### Work order
Keep every word of the listing and drop the images when you write it out.

### Dataset content
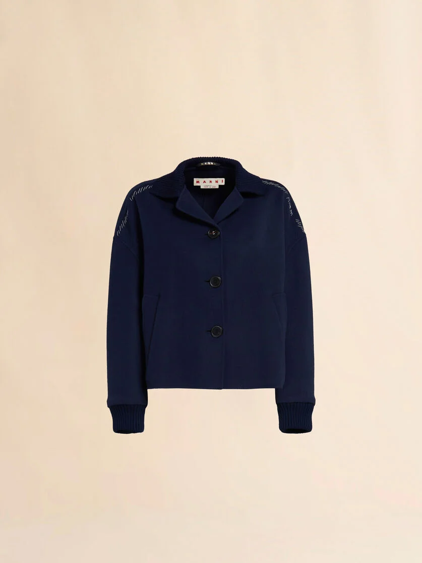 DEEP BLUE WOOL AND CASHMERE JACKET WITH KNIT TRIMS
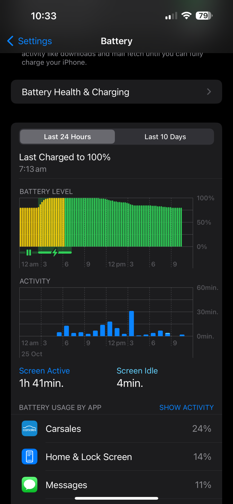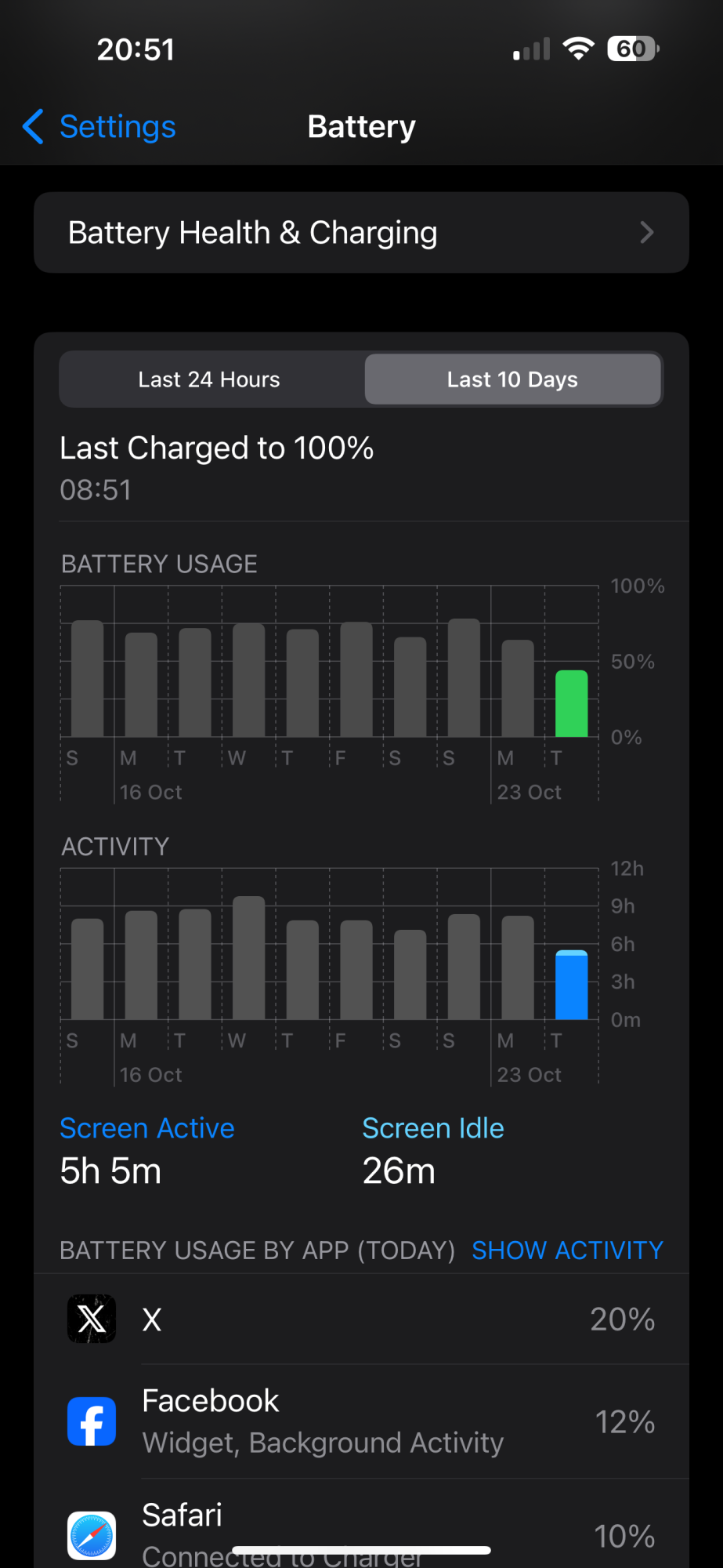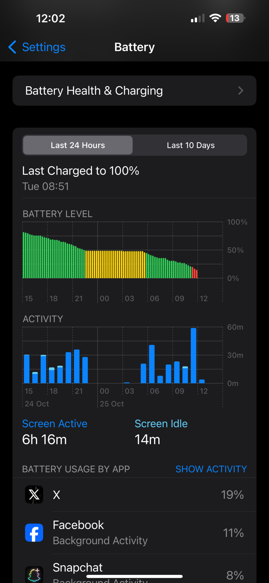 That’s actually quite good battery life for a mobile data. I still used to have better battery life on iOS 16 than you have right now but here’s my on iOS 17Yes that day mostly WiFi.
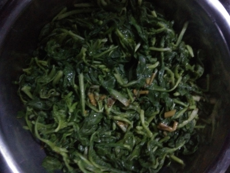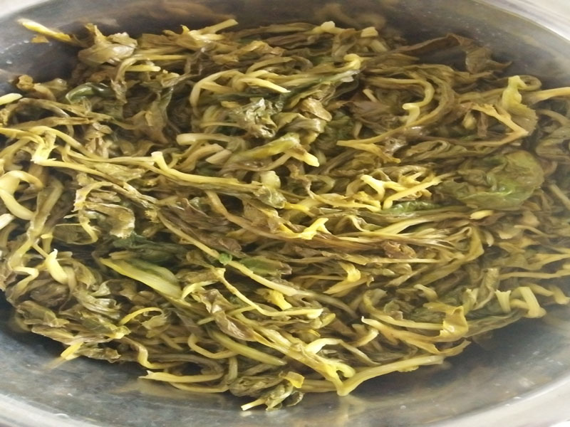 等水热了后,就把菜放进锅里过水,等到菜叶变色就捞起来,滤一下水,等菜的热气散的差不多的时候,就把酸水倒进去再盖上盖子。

### Response
 DEEP BLUE WOOL AND CASHMERE JACKET WITH KNIT TRIMS
 That’s actually quite good battery life for a mobile data. I still used to have better battery life on iOS 16 than you have right now but here’s my on iOS 17Yes that day mostly WiFi.
 等水热了后,就把菜放进锅里过水,等到菜叶变色就捞起来,滤一下水,等菜的热气散的差不多的时候,就把酸水倒进去再盖上盖子。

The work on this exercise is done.